Work item:
Among the records below, find the line with "Obraz premium Ocean" and the line with "Das Topper Fixleintuch". Set down both and every line between, exactly and with no pictures, but nothing else.

Supplied data:
^^^^^^^^

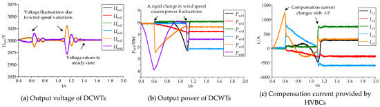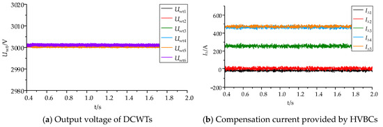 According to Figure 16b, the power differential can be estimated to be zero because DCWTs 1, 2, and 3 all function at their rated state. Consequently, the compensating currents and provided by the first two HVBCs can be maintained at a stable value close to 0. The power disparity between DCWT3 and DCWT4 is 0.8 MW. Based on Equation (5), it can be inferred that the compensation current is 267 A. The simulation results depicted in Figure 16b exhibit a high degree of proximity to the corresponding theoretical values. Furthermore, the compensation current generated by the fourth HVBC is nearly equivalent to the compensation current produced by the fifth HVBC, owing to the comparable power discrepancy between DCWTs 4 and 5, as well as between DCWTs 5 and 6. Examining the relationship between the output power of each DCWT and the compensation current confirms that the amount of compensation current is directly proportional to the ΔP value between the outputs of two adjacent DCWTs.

^^^^^^^^

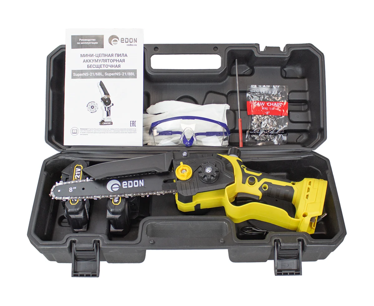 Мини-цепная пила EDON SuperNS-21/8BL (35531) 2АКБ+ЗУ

^^^^^^^^

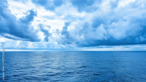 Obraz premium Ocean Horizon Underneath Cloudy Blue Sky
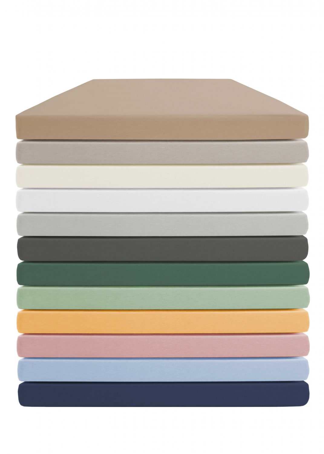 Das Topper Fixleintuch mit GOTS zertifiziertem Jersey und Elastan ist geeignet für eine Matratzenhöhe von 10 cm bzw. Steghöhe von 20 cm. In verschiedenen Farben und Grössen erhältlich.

^^^^^^^^

Answer area:
 Obraz premium Ocean Horizon Underneath Cloudy Blue Sky
 Das Topper Fixleintuch mit GOTS zertifiziertem Jersey und Elastan ist geeignet für eine Matratzenhöhe von 10 cm bzw. Steghöhe von 20 cm. In verschiedenen Farben und Grössen erhältlich.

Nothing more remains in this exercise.